■ **DATA PROVIDED**
==*==
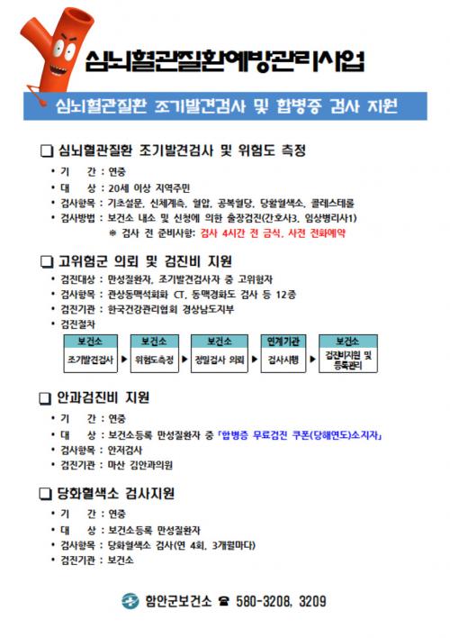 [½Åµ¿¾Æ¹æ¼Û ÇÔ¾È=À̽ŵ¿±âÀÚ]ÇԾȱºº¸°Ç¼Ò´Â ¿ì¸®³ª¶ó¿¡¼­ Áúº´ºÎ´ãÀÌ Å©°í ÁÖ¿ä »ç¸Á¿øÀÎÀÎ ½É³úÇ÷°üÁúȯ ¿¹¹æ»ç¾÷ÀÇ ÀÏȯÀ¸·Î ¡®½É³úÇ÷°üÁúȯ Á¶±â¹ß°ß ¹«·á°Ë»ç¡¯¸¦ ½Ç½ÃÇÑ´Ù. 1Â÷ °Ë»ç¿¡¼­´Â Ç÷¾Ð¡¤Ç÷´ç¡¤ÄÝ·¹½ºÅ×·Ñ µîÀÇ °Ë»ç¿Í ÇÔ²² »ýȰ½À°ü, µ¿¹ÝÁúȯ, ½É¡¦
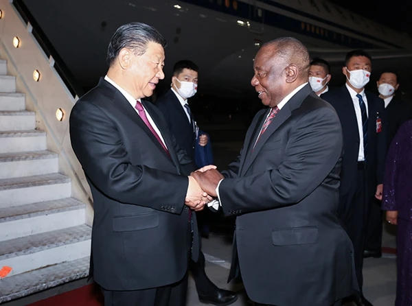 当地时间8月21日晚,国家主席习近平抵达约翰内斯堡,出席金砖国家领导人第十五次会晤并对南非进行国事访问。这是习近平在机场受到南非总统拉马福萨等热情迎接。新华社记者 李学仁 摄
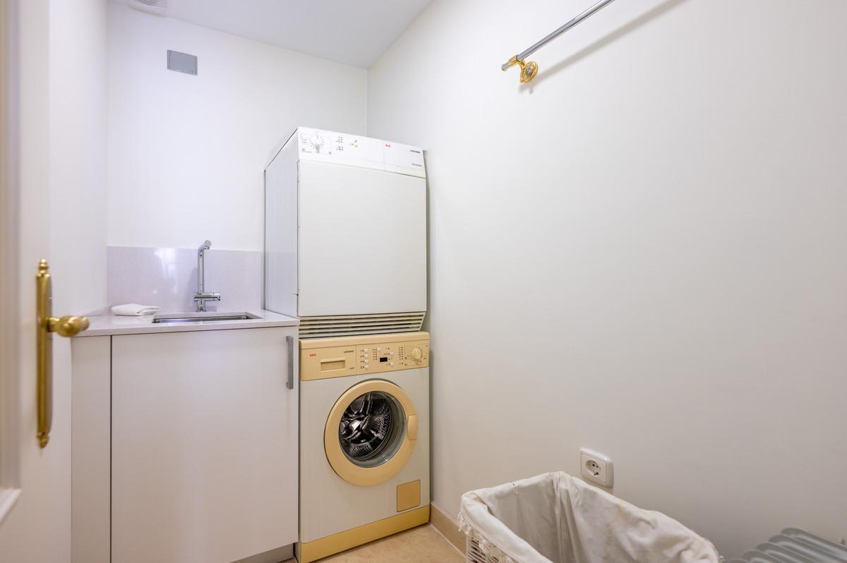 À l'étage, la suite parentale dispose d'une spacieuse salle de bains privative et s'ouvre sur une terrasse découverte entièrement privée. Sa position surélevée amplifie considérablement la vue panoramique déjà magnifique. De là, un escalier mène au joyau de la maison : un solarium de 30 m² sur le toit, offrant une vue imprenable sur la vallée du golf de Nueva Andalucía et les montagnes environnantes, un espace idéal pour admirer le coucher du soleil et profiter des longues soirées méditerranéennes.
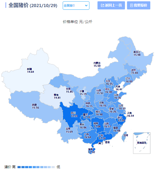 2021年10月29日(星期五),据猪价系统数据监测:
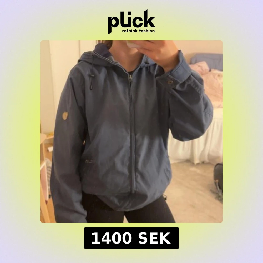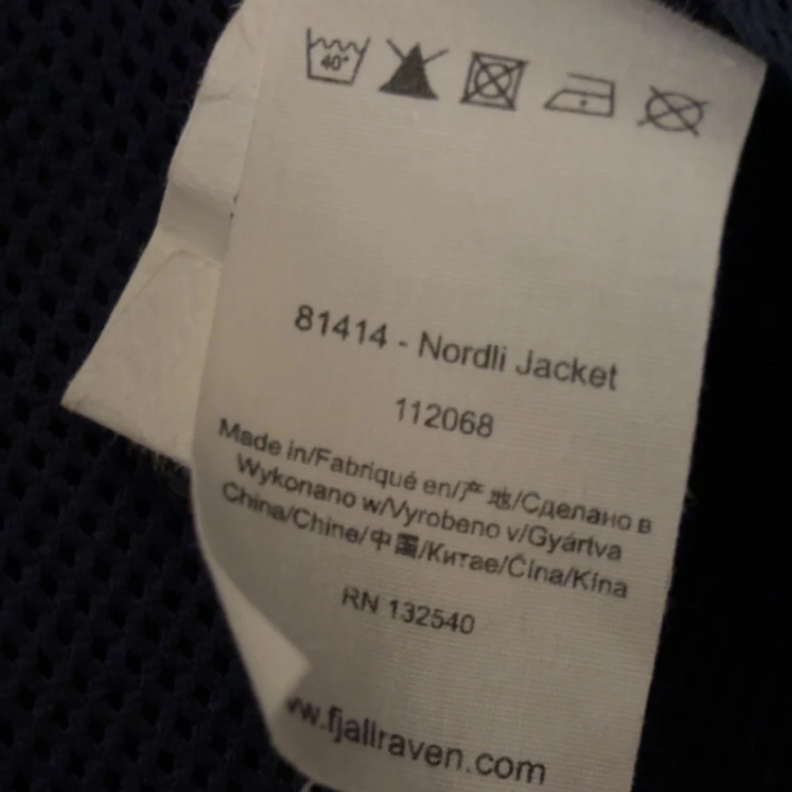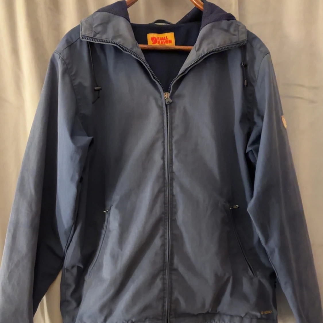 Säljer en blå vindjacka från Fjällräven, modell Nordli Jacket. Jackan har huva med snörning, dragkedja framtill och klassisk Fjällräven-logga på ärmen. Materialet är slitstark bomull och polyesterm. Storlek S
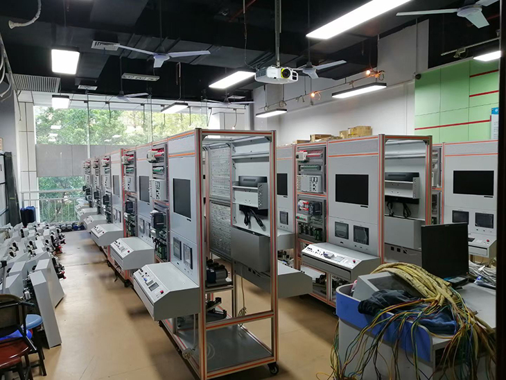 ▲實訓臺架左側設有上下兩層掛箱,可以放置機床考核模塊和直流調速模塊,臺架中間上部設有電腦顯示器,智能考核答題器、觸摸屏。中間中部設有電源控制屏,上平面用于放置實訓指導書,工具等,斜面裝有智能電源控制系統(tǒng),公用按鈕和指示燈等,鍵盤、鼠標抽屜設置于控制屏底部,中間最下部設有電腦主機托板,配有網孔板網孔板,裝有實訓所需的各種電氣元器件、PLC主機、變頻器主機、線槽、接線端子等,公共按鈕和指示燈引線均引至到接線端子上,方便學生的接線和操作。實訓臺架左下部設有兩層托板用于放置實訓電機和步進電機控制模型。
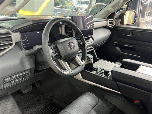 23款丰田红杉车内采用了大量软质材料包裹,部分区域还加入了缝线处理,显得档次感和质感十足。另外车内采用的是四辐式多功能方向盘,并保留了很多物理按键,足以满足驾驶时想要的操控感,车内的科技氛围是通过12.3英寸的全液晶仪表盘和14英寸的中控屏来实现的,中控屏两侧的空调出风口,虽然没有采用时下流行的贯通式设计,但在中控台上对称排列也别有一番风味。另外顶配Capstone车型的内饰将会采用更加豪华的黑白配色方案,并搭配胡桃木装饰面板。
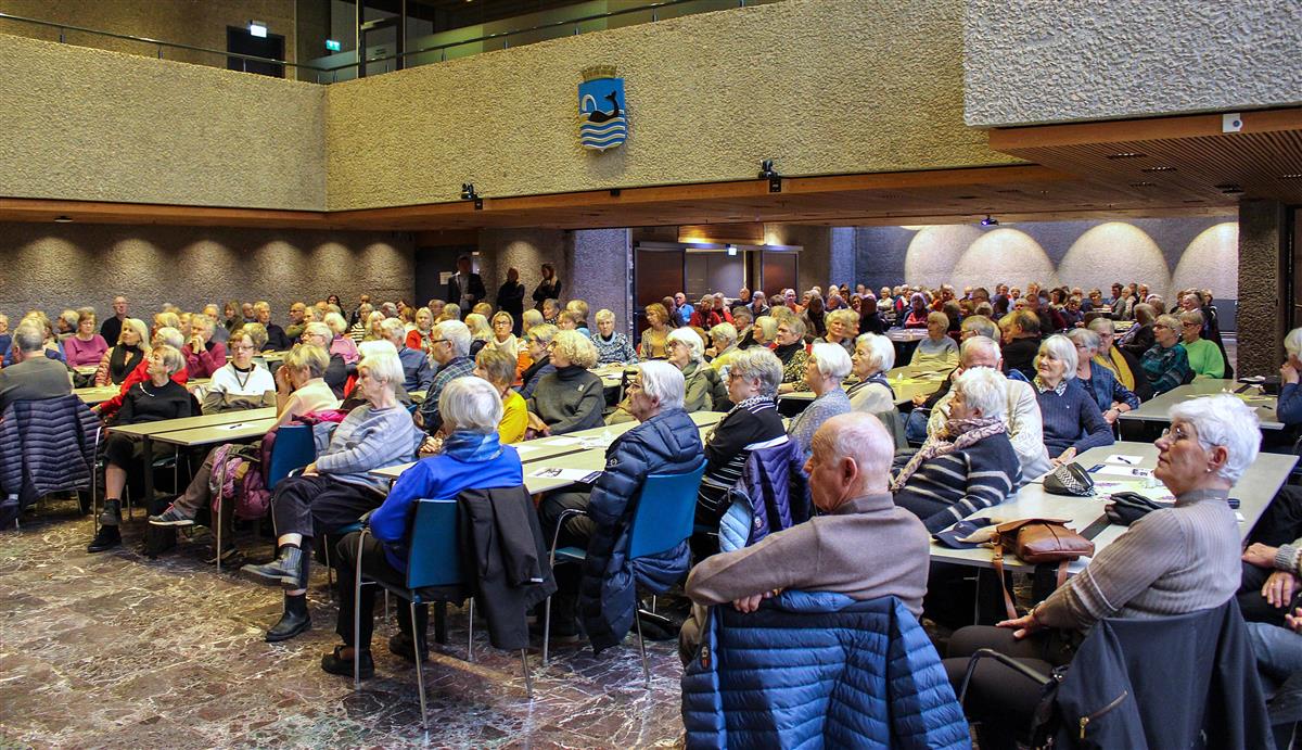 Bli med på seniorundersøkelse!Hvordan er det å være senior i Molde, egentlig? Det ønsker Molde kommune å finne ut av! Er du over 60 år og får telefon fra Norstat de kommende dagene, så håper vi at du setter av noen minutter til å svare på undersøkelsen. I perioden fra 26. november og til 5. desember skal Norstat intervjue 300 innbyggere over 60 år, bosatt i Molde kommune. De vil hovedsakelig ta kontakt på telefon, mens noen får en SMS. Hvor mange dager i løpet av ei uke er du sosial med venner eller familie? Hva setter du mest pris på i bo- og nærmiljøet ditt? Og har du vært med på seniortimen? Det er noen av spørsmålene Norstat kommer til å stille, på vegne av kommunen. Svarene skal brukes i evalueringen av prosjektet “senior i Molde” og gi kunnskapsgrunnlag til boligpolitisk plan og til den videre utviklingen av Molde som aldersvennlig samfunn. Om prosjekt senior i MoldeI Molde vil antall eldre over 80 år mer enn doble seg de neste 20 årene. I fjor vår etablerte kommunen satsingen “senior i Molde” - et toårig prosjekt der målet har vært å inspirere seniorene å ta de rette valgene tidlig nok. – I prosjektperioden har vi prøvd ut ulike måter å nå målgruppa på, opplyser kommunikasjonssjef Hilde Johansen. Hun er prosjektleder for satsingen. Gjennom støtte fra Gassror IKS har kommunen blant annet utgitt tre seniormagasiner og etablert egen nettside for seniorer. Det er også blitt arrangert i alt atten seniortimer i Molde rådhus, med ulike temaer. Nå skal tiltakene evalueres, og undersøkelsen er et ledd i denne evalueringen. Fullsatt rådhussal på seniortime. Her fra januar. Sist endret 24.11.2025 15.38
==*==
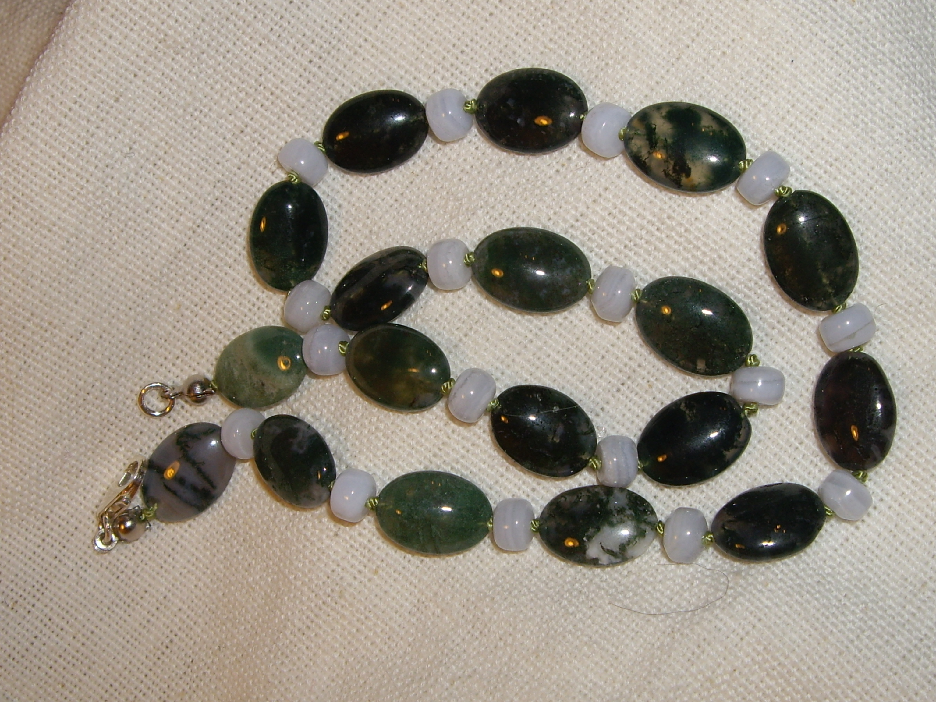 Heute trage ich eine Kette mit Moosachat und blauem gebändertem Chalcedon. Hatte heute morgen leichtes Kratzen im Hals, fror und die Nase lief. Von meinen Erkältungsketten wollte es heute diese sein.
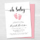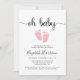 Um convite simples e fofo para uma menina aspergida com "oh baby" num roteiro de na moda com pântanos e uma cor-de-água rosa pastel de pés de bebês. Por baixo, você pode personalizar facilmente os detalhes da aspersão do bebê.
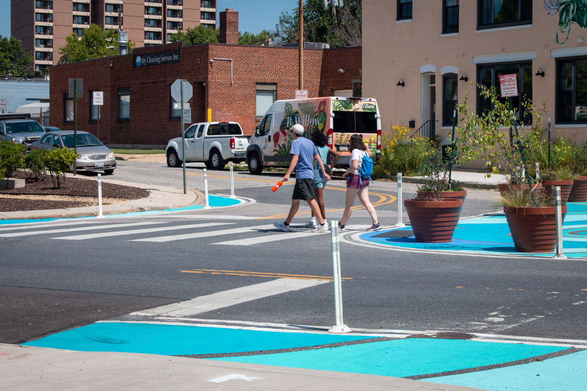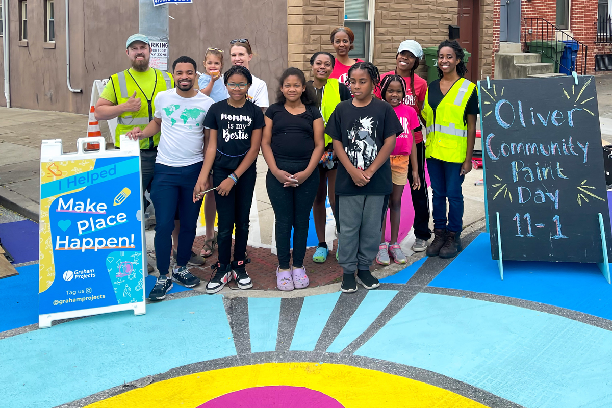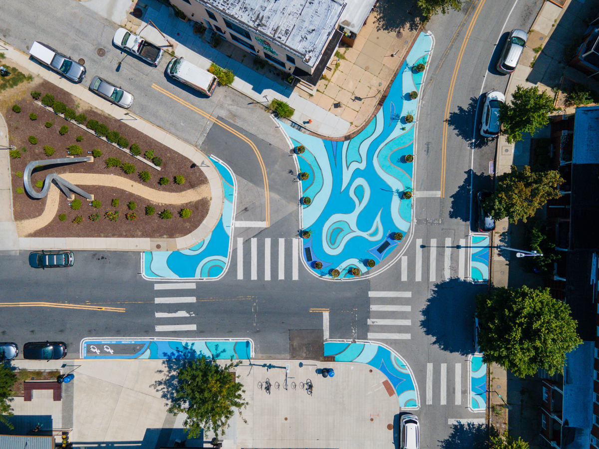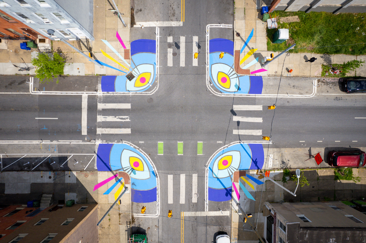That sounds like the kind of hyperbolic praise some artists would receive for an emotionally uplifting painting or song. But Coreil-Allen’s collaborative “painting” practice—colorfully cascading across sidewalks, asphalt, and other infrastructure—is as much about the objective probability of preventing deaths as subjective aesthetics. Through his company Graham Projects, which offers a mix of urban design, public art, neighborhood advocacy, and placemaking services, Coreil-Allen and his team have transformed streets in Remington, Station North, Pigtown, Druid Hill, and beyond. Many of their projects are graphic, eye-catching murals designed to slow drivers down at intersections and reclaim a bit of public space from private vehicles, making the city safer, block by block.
==*==
■ **EXERCISE REQUIREMENTS**
Only the lines starting at the one with "À l'étage, la" and ending at the one with "23款丰田红杉车内采用了大量" should be printed, each exactly as it appears in the material above; the pictures are to be omitted.

■ **SOLUTION BELOW**
 À l'étage, la suite parentale dispose d'une spacieuse salle de bains privative et s'ouvre sur une terrasse découverte entièrement privée. Sa position surélevée amplifie considérablement la vue panoramique déjà magnifique. De là, un escalier mène au joyau de la maison : un solarium de 30 m² sur le toit, offrant une vue imprenable sur la vallée du golf de Nueva Andalucía et les montagnes environnantes, un espace idéal pour admirer le coucher du soleil et profiter des longues soirées méditerranéennes.
 2021年10月29日(星期五),据猪价系统数据监测:
 Säljer en blå vindjacka från Fjällräven, modell Nordli Jacket. Jackan har huva med snörning, dragkedja framtill och klassisk Fjällräven-logga på ärmen. Materialet är slitstark bomull och polyesterm. Storlek S
 ▲實訓臺架左側設有上下兩層掛箱,可以放置機床考核模塊和直流調速模塊,臺架中間上部設有電腦顯示器,智能考核答題器、觸摸屏。中間中部設有電源控制屏,上平面用于放置實訓指導書,工具等,斜面裝有智能電源控制系統(tǒng),公用按鈕和指示燈等,鍵盤、鼠標抽屜設置于控制屏底部,中間最下部設有電腦主機托板,配有網孔板網孔板,裝有實訓所需的各種電氣元器件、PLC主機、變頻器主機、線槽、接線端子等,公共按鈕和指示燈引線均引至到接線端子上,方便學生的接線和操作。實訓臺架左下部設有兩層托板用于放置實訓電機和步進電機控制模型。
 23款丰田红杉车内采用了大量软质材料包裹,部分区域还加入了缝线处理,显得档次感和质感十足。另外车内采用的是四辐式多功能方向盘,并保留了很多物理按键,足以满足驾驶时想要的操控感,车内的科技氛围是通过12.3英寸的全液晶仪表盘和14英寸的中控屏来实现的,中控屏两侧的空调出风口,虽然没有采用时下流行的贯通式设计,但在中控台上对称排列也别有一番风味。另外顶配Capstone车型的内饰将会采用更加豪华的黑白配色方案,并搭配胡桃木装饰面板。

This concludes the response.